If you add an erb extension to a CSS asset file, then helpers like asset_path are available:

# style.css.erb
.class { background-image: url(<%= asset_path 'image.png' %>) }

CSS + Sass

sass-rails provides -urland -path helpers (hyphenated):

# style.scss
asset-url("rails.png") # => url(/assets/rails.png)
asset-path("rails.png") # => "/assets/rails.png"

JS + ERB

# application.js.erb
$('#logo').attr({ src: "<%= asset_path('logo.png') %>" });

Manifest files

These are files containing directives - instructions that begin with = that tell Sprockets which files to require in order to build (load, process, concatenate and compress) a single CSS or JavaScript file.

Examples:

# app/assets/javascripts/application.js
// ...
//= require jquery
//= require jquery_ujs
//= require_tree .

# app/assets/stylesheets/application.css
/* ...
*= require_self
*= require_tree .
*/

Extensions are optional and assumed from the manifest file extension. Paths are relative to manifest file.
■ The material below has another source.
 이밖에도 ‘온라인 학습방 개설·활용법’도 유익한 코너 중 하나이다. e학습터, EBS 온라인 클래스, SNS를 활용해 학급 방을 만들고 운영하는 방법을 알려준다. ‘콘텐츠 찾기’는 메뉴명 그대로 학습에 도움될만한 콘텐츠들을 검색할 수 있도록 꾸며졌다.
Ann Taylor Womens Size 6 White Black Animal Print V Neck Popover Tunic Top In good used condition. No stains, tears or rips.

Files are loaded once even if targeted in multiple directives.

//= require foo requires a single file //= require_directory bar requires all files in a single directory (no recursive) //= require_tree . requires all files in current directory and subdirectories (recursive) //= require_self requires any content within the file (if any) at the precise location of the require_self call.
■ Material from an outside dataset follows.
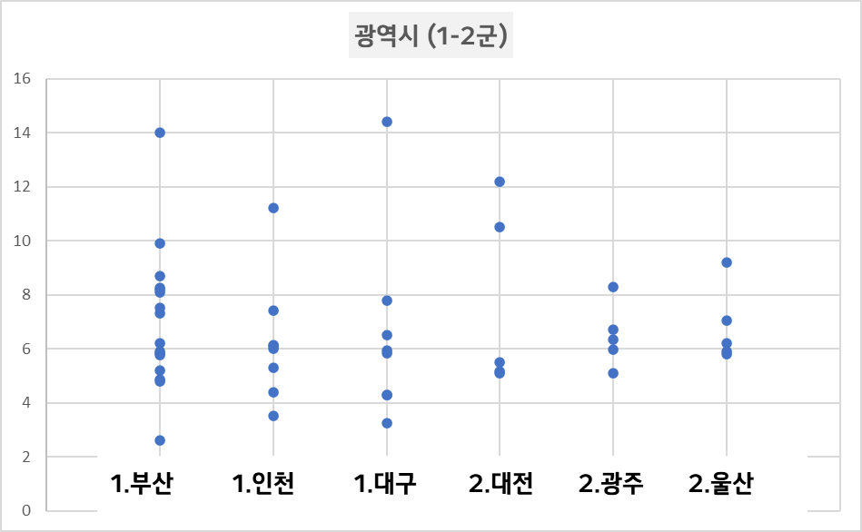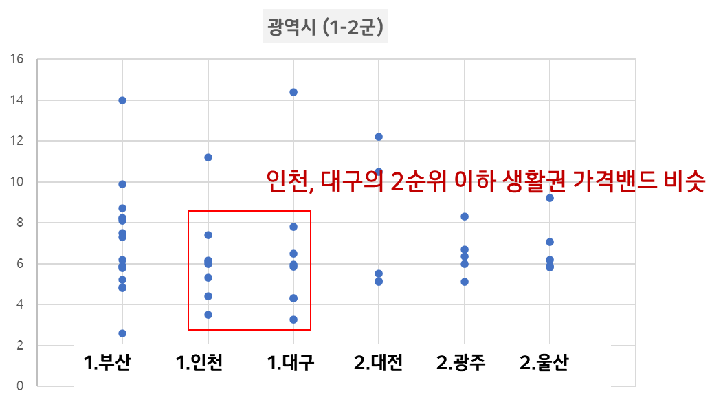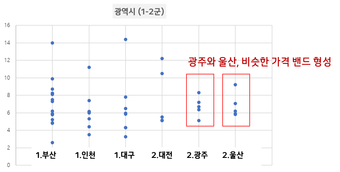 광역시 1-2군에 대해서 가격 밴드를 잡아보려고 합니다

For Sass is recommended to use @import rule instead of sprockets directives, since the latter will make mixins and variables not available outside the files they were defined in.

@import "mixins/*" is equivalent to require_directory mixins @import "mixins/**/*" is equivalent to require_tree mixins

Any valid ruby glob may be used. The imports are sorted alphabetically.

Development

Configuration

The following settings can be configured in config/environments/development.rb

config.assets.debug

When enabled (default), Sprockets assets are served as separate files in the order they are specified in the manifest file. Example:

# app/assets/javascripts/application.js:
//= require core
//= require projects
//= require tickets

would generate this HTML:

<script src="/assets/core.js?body=1"></script>
<script src="/assets/projects.js?body=1"></script>
<script src="/assets/tickets.js?body=1"></script>

The body param is required by Sprockets.

Disabling asset debugging will replace detailed asset exception pages with a much terser error or a runtime Javascript exception, but it'll greatly improve local requests speed by using local asset caching that will still pick up new changes. So, it is recommended to enable it only when needed.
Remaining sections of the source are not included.